The Wizard and the Sylph - Page 485/573

"What I sense," he told her, "confounds me. In this matter, my staff refuses to answer my call. I attempt to extend my senses through it, to locate the heart of the Black Wood, and it reacts as though I have asked it to do something incomprehensible. Yet the cause of this lies out there somewhere, through the Gate and deep within the vagaries of this Wizard's Vale."

At this, Lily's mien became guarded, and she said to him, "Then trust my senses, husband. The Circle calls to me. I know what and where it is. Please, do not ask me to make explanation! I ask you to trust me in this. There is a thing here that is not made for your understanding."

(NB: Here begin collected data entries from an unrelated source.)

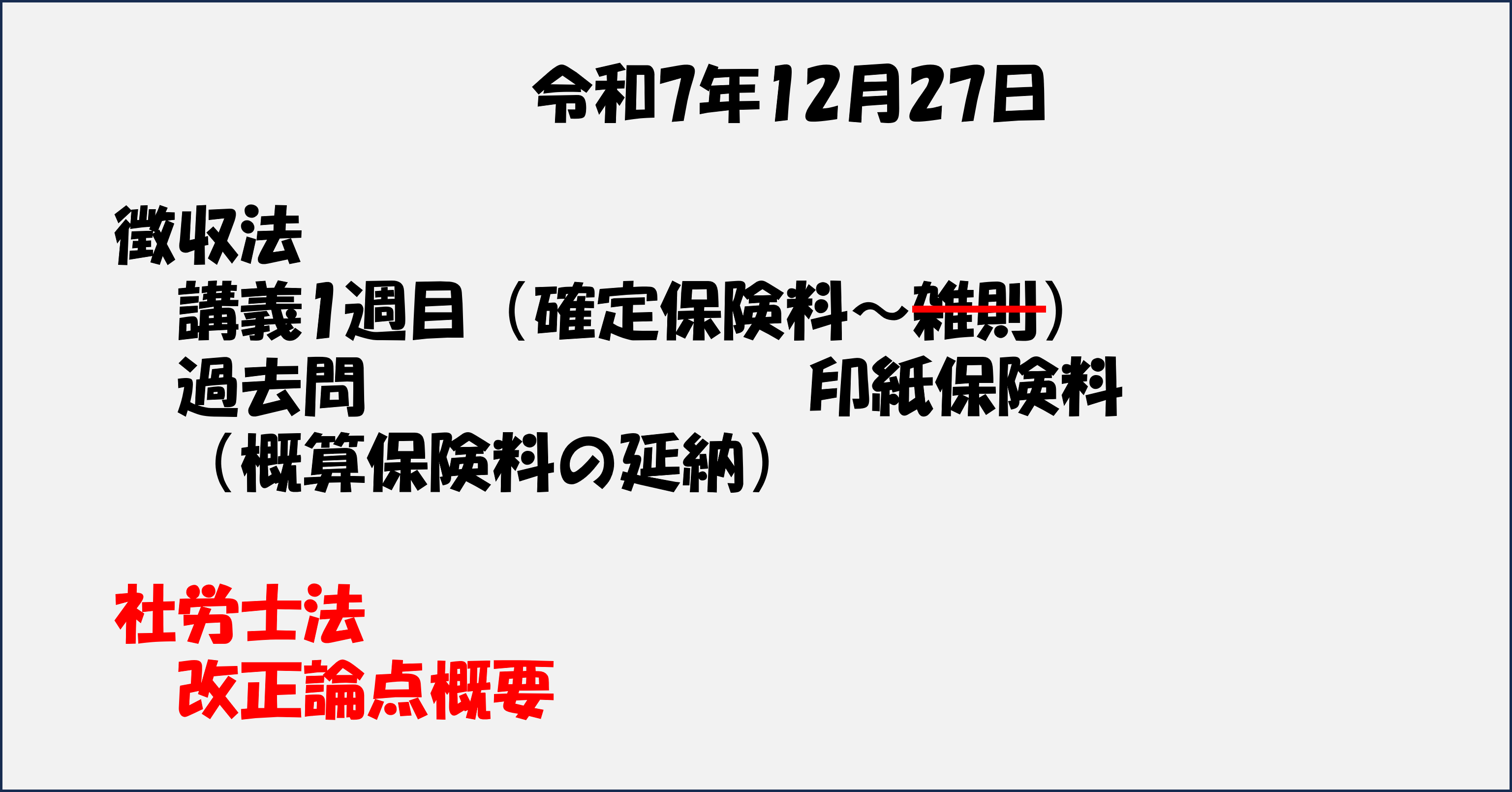 まとまった時間が取れなかったため、本編の講義を半分進めたところで、改正論点であり合格後の実務にも直結する社労士法の改正講義を受講しました。今回の改正で特に注目すべきは以下の2点です。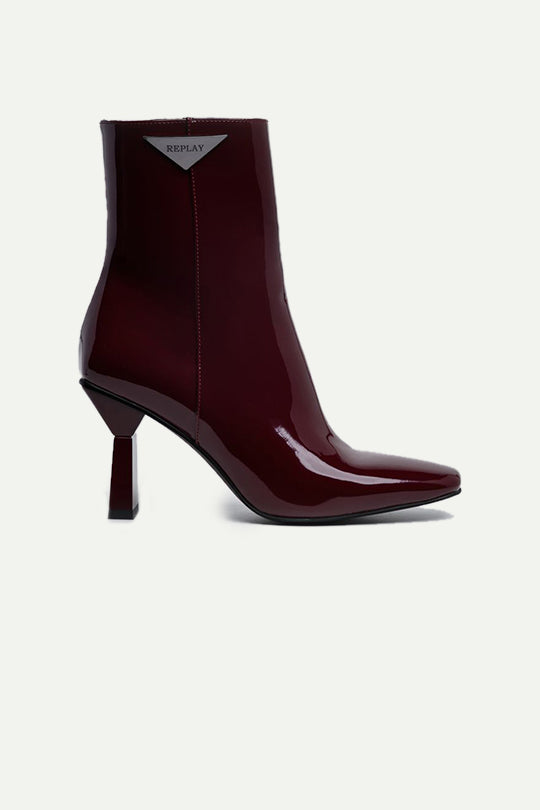 מגפוני לק עם עקב בצבע בורדו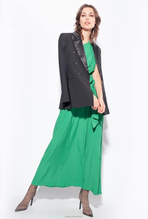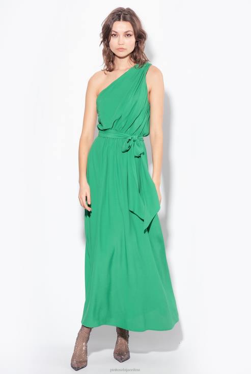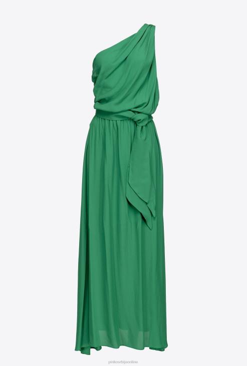 дуга хаљина на једно раме од вискозног креп марокаина. стезник слободног кроја са драпијом на леђима и сукња равног кроја са деликатним плисирањем. комплетан са одговарајућим каишем од исте тканине, који се веже у струку.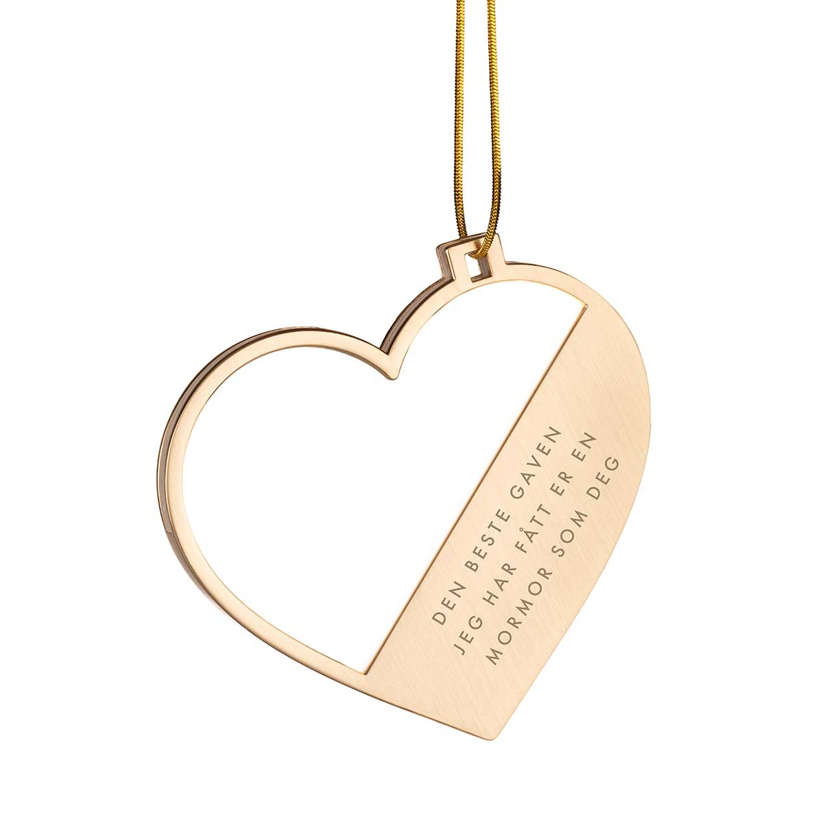 En personlig julepynt m/fotoramme med teksten «Den beste gaven jeg har fått er en mormor som deg», formet som et hjerte.
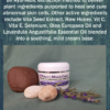 LAVANDULA ESSENTIAL OIL – Has anti-bacterial properties and is known to aid in the production of new healthy skin cells. It is also known for its calming and soothing properties.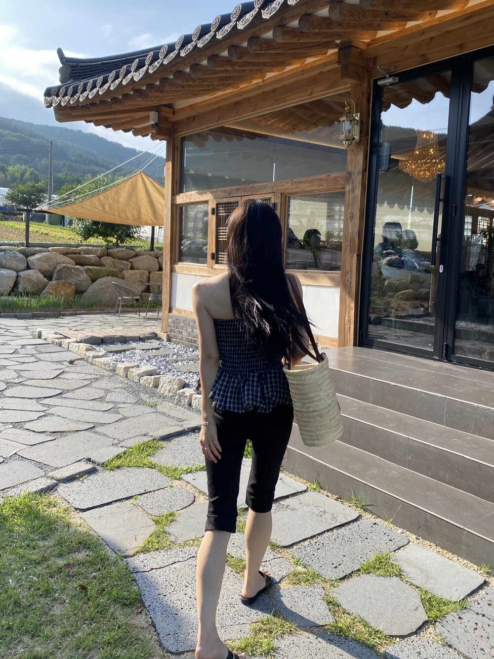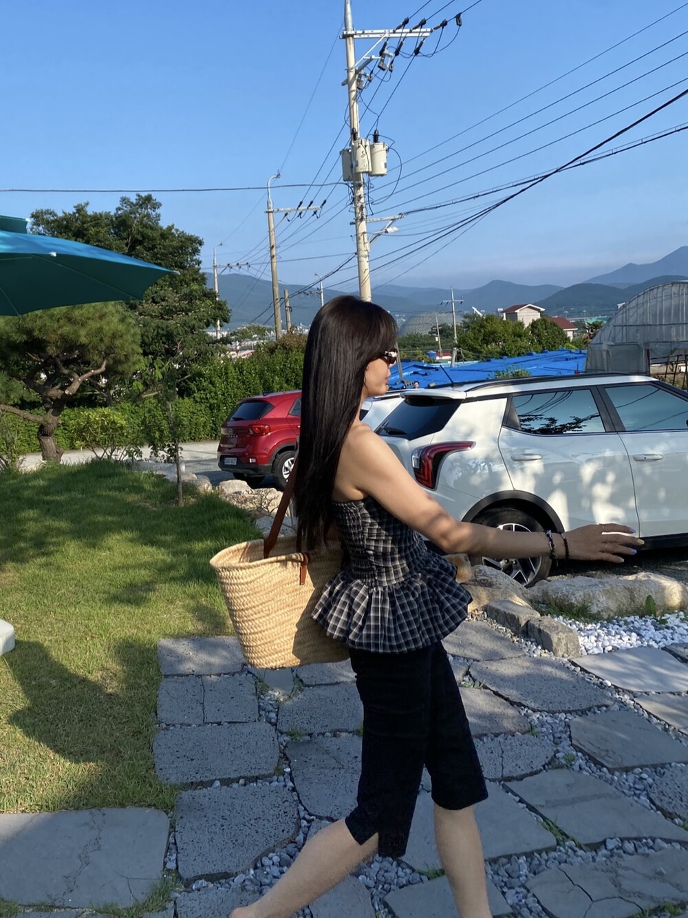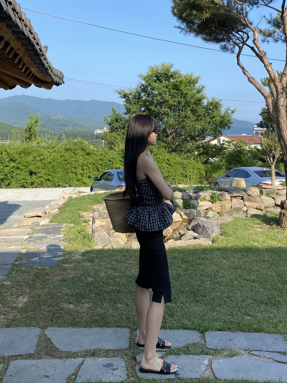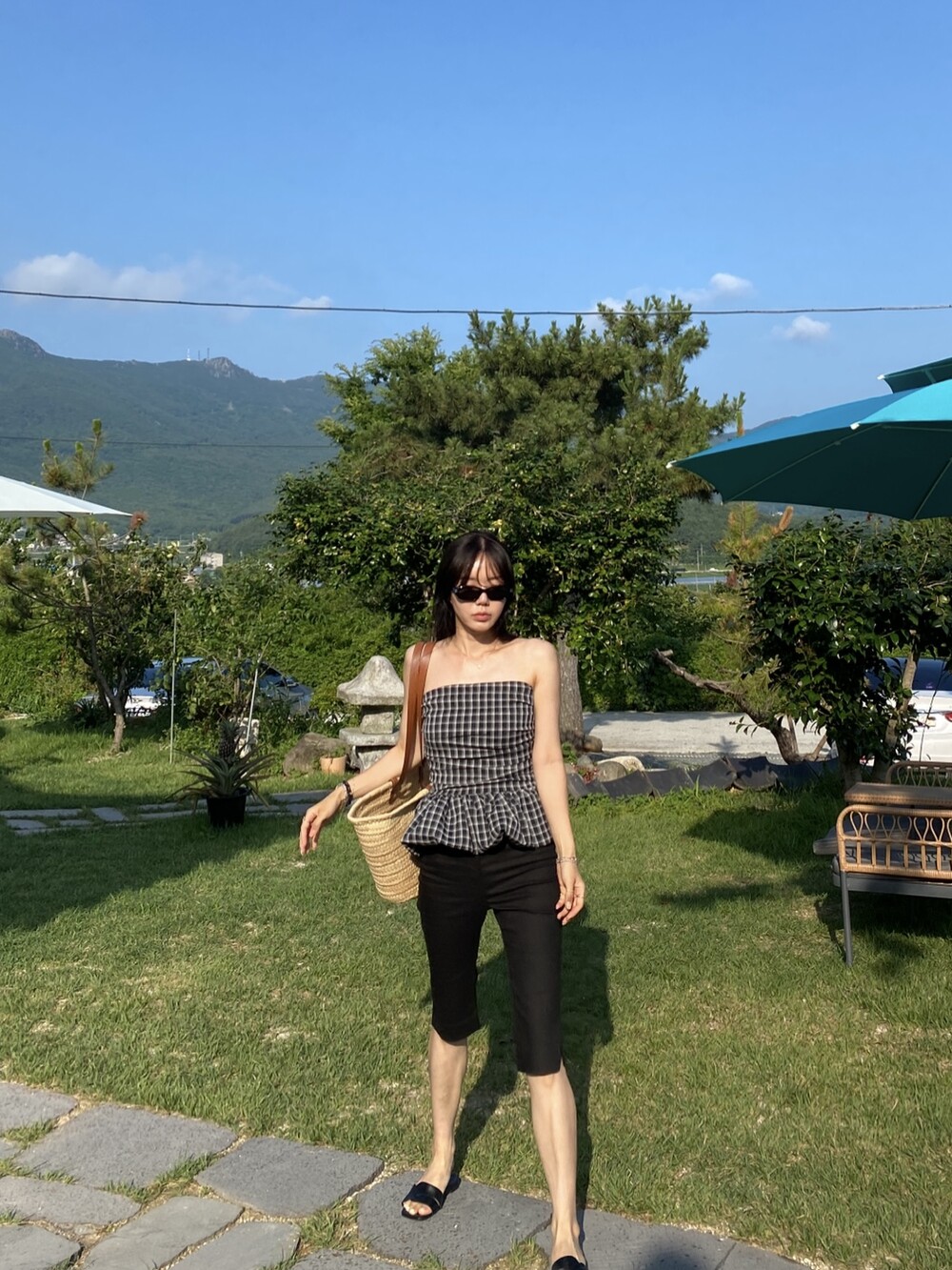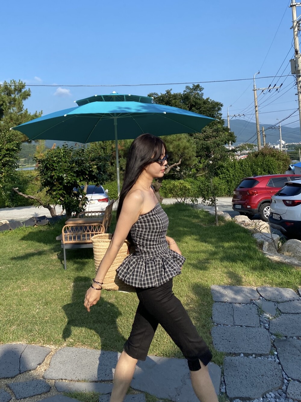 다양하게 활용하기 좋은 체크 스모크튜브탑이예요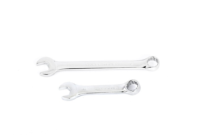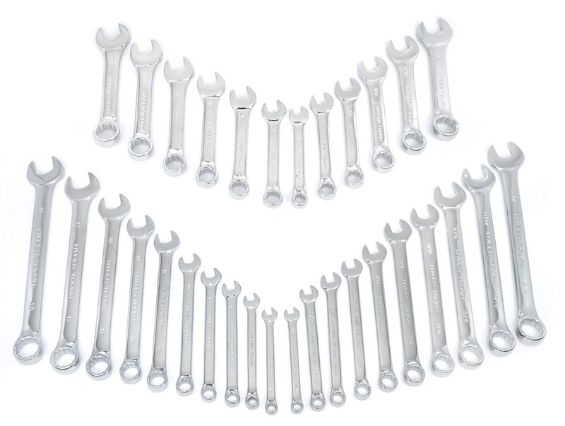 Hyper Tough 32-Piece Combination Wrench Set Chrome Vanadium Steel Heat Treated Mirror Polished Precision Machined Nickel Chrome Plated Meets ANSI/ASME standards 20 Piece Combination Sizes: 6, 7, 8, 9, 10, 12, 13, 15, 17, 18 MM 1/4, 5/16, 11/32, 3/8, 7/16, 1/2, 9/16, 5/8, 11/16, 3/4" 12 Piece Stubby Sizes: 10, 11, 12, 13, 14, 15 MM 5/16, 3/8, 7/16, 1/2, 9/16, 5/8"

The whites beneath her lowered eyes showed as she said this, and for an instant Anest felt as though he spoke, not to his wife, but to a perfect stranger, the purely eldritch creature she had once been. And he realised, then, that her knowledge had its source in this, in her eldritch nature, a thing that lay a world apart from their personal relationship.

"Lead on, then," he said quietly, feeling something akin to personal defeat, or loss.

She half-turned away from him, about to resume their journey, but paused first, not looking in his direction. "There is a thing you must know. The Circle does not call me directly, but does so through . . ." he eyes strayed, lowered to the vicinity of her belly.